Я только сейчас рассмотрел ее, как же она похожа на Аську, ту, прежнюю. Только глаза, у Анны совсем другие глаза — затягивающие, глубокие.
— Нравлюсь? – Я не заметил кокетства в голосе, спрашивала буднично, как о приправе к супу. – Кстати, о супе, иди мой руки, рукомойник у входа. Я наливаю.
— Но как ты узнала? Ты что, читаешь мысли?
Анна лишь рассмеялась.
— И ты можешь читать, просто не знаешь об этом, — ответила вместо девушки Семениха.

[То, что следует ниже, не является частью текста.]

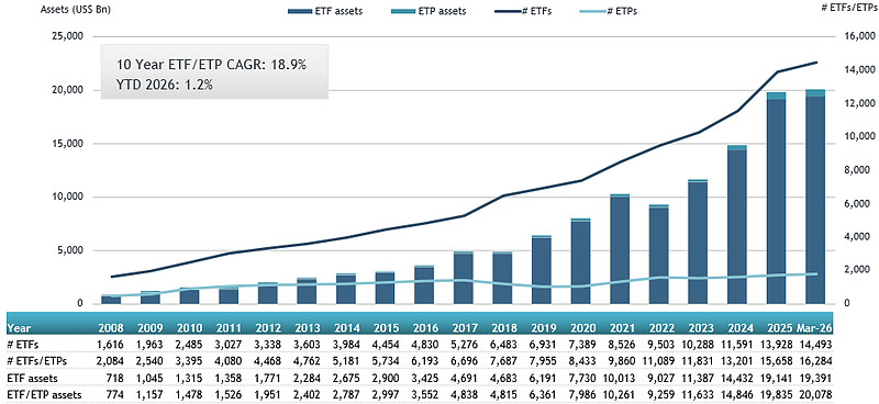 19年余経過した2026年3月末時点では「ETF商品数14,493本、資産規模19兆3910億ドル」となり、

А суп был хорош, подернутый золотистой пленкой с узором из свежей зелени.
— Ешь, милый, ешь, — подстегивала Семениха.
— Как к вам обращаться, как-то неудобно называть Семенихой.
— Зря, милый, привыкла я к этому имени. А называли меня по-разному, просто пока здесь иные имена позабыть следует.
— Кто такие дрожники?
— Бесы, бесы страха. Прикрепляются к человеку и убивают тело, но самое страшное – душу.
— А откуда они взялись?
— Так от сотворения мира были, слуги сатаны, инструменты зла.
— Не слышал о них.
— Не слышал и не видел, но они были, просто незаметные, а Ворожиха – место особое, место силы, пристанище. А началось это в начале 19 века. Местный помещик Павел Александрович Вистунов славился на всю округу лютым нравом — молод был, жесток без меры. В хозяйстве своем появлялся редко, все больше по барышням да по балам, у игровых столов время проводил. Приезжал, набивал карманы, и снова вон. Только золото это тяжким потом и слезами его крестьянам доставались. Лютовал барин, руки кровью марал. И с каждым разом становился все страшнее. Тогда уже душу его захватила тьма. И как-то странница одна, проходя мимо Ворожихи, увидела дрожников. Они были всюду.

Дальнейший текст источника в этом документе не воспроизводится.